In the records below, find the line that contains "Style: Hip hop" and the line that contains "Webify 不僅有大量的主頁設計,而且還帶有現成的內部佈局、頁眉和頁腳。"; write out exactly those two lines and everything between them, without the pictures.

• [Exercise input]:

═══

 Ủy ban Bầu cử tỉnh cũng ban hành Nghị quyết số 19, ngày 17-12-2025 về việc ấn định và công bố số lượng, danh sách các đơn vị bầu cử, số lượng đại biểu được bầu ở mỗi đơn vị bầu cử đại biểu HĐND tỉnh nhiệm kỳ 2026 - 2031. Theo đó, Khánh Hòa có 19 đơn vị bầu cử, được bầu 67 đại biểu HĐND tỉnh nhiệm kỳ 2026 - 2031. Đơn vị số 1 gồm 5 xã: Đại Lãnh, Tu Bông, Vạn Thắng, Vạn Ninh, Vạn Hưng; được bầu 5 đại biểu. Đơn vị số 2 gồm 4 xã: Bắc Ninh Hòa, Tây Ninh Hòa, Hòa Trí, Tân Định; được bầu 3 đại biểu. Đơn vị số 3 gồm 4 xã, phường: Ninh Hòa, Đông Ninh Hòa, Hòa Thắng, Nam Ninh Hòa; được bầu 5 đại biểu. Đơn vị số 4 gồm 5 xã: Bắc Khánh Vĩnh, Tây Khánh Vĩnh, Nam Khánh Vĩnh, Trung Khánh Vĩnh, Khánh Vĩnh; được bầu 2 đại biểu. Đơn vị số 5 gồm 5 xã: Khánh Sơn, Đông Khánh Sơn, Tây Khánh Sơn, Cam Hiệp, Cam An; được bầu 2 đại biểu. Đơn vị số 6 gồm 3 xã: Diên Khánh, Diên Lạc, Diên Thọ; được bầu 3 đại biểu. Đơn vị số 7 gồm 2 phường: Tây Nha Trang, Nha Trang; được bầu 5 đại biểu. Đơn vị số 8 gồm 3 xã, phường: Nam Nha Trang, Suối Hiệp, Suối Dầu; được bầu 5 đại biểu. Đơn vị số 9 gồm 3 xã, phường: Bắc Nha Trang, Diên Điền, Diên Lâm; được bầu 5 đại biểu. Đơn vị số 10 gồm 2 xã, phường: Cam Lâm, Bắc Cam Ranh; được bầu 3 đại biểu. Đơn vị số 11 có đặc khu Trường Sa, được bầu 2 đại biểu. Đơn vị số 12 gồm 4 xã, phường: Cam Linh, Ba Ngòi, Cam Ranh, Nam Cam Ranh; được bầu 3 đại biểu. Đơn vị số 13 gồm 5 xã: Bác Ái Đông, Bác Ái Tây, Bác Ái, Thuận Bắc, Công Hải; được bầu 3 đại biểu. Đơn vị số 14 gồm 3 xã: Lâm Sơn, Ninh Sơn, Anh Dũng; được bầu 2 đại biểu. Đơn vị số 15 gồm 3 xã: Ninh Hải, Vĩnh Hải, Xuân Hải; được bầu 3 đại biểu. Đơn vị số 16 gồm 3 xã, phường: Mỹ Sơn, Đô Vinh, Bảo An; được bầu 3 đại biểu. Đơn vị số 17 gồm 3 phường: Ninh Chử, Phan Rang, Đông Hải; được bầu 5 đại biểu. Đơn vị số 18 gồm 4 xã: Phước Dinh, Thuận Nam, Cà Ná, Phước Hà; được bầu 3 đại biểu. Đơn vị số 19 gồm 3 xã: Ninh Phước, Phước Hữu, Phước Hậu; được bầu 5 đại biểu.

═══

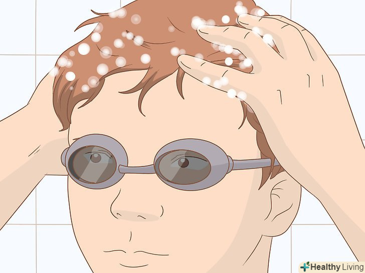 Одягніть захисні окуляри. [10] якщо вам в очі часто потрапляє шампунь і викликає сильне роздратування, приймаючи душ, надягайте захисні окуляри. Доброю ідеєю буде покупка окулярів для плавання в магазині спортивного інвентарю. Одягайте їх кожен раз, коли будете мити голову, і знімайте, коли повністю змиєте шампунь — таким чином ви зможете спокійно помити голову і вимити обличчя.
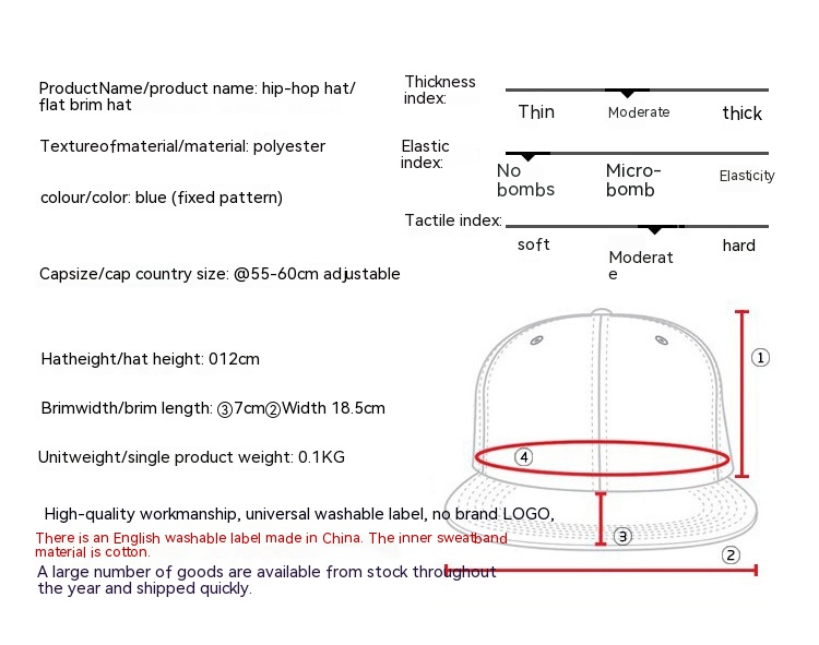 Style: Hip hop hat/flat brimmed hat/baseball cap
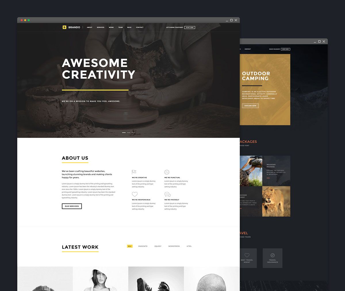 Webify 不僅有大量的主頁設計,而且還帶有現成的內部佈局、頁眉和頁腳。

═══

• [Result]:
 Style: Hip hop hat/flat brimmed hat/baseball cap
 Webify 不僅有大量的主頁設計,而且還帶有現成的內部佈局、頁眉和頁腳。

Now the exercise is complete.